#### [Data for this task]
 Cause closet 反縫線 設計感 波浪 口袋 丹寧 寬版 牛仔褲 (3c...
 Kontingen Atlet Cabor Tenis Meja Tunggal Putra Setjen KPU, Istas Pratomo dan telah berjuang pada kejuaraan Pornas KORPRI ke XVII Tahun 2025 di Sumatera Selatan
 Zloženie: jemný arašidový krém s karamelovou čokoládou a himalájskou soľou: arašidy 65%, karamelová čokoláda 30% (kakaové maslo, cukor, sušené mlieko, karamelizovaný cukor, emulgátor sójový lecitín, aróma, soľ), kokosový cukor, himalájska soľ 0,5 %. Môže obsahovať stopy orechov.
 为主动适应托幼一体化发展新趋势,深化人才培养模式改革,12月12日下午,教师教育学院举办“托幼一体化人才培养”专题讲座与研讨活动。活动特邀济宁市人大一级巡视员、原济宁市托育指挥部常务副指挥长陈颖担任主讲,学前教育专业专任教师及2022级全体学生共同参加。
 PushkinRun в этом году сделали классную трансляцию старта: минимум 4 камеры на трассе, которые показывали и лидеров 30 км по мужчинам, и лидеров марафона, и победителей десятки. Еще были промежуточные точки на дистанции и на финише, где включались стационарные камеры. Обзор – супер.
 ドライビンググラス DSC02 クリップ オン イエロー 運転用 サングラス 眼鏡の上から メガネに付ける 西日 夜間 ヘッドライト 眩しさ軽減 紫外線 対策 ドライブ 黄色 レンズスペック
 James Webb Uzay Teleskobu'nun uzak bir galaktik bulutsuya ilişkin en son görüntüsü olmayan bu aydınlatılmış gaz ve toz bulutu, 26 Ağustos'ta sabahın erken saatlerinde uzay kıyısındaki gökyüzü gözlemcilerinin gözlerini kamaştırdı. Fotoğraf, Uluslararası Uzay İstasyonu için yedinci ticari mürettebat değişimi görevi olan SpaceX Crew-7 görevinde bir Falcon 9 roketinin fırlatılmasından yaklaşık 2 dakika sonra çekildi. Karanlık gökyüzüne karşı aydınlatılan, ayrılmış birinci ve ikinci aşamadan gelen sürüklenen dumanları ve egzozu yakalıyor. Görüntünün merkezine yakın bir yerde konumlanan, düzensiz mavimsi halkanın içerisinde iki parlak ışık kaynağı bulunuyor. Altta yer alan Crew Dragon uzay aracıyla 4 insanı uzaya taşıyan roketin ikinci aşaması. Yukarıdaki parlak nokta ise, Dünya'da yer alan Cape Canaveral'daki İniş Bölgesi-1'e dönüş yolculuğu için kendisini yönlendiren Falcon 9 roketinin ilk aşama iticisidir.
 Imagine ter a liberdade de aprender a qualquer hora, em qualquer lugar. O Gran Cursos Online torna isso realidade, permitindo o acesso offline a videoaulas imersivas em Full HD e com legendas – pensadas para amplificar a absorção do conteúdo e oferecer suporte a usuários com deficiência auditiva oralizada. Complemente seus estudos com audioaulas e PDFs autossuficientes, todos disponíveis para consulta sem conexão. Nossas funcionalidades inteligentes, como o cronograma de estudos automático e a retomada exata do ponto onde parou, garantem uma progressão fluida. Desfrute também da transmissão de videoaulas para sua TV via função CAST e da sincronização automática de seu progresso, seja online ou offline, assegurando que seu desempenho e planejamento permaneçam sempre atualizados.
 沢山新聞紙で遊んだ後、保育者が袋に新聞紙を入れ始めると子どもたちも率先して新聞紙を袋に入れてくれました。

...

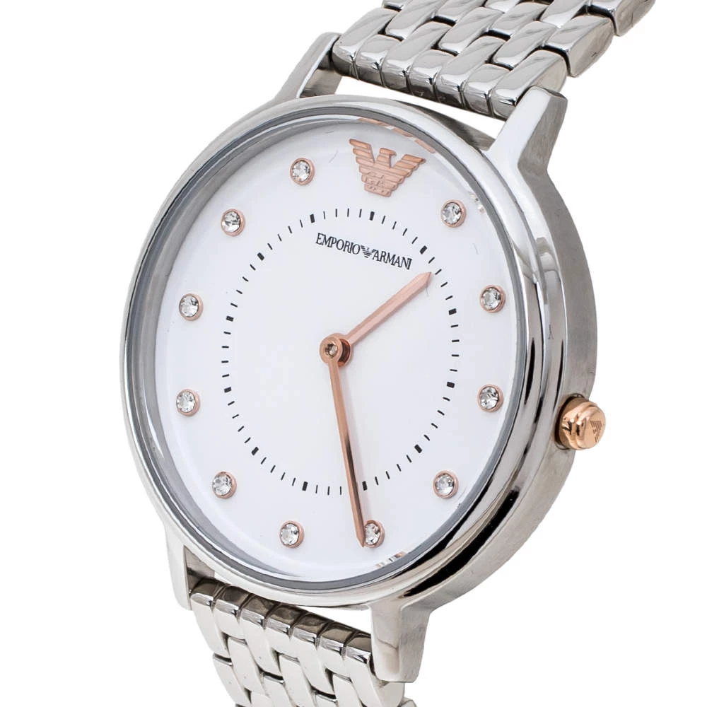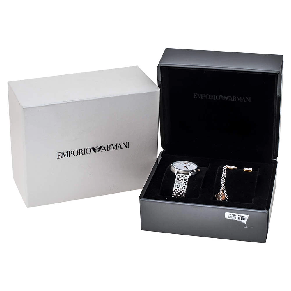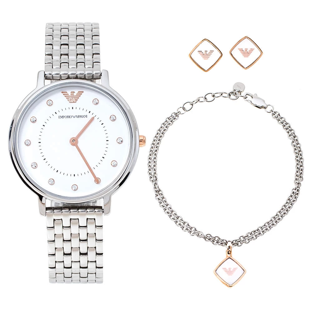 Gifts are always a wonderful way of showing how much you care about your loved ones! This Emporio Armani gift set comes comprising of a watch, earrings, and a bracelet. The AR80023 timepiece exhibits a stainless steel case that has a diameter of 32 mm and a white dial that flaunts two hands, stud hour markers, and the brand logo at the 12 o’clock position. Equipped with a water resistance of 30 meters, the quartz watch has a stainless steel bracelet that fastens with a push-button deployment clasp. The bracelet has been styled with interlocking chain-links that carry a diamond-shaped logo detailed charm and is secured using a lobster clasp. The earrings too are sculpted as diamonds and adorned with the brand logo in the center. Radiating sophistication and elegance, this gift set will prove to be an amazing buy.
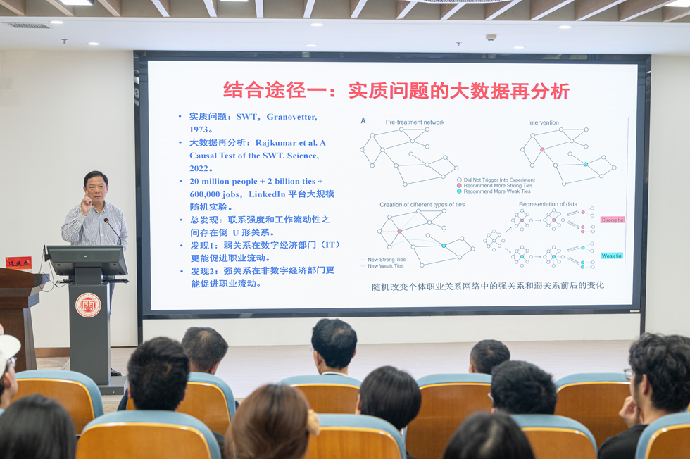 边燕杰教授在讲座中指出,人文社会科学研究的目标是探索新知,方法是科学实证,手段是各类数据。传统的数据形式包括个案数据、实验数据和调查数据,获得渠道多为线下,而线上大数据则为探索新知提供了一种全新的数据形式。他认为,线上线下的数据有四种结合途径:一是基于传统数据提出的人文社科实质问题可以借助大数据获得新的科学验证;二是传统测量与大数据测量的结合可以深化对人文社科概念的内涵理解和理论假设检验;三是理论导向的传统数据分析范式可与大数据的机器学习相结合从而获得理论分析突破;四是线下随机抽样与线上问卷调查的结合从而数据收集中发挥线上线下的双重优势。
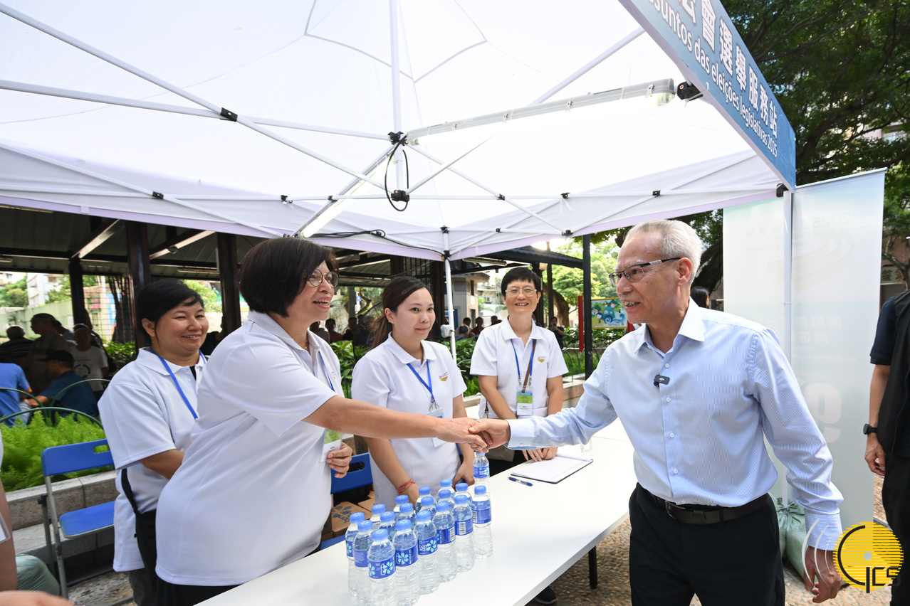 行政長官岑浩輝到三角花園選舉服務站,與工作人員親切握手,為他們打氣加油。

#### [Work to complete]
What you return should be exactly the lines above, starting at the one with "PushkinRun в этом" and ending at the one with "ドライビンググラス DSC02 クリップ", and nothing else.

#### [Output of the exercise]
 PushkinRun в этом году сделали классную трансляцию старта: минимум 4 камеры на трассе, которые показывали и лидеров 30 км по мужчинам, и лидеров марафона, и победителей десятки. Еще были промежуточные точки на дистанции и на финише, где включались стационарные камеры. Обзор – супер.
 ドライビンググラス DSC02 クリップ オン イエロー 運転用 サングラス 眼鏡の上から メガネに付ける 西日 夜間 ヘッドライト 眩しさ軽減 紫外線 対策 ドライブ 黄色 レンズスペック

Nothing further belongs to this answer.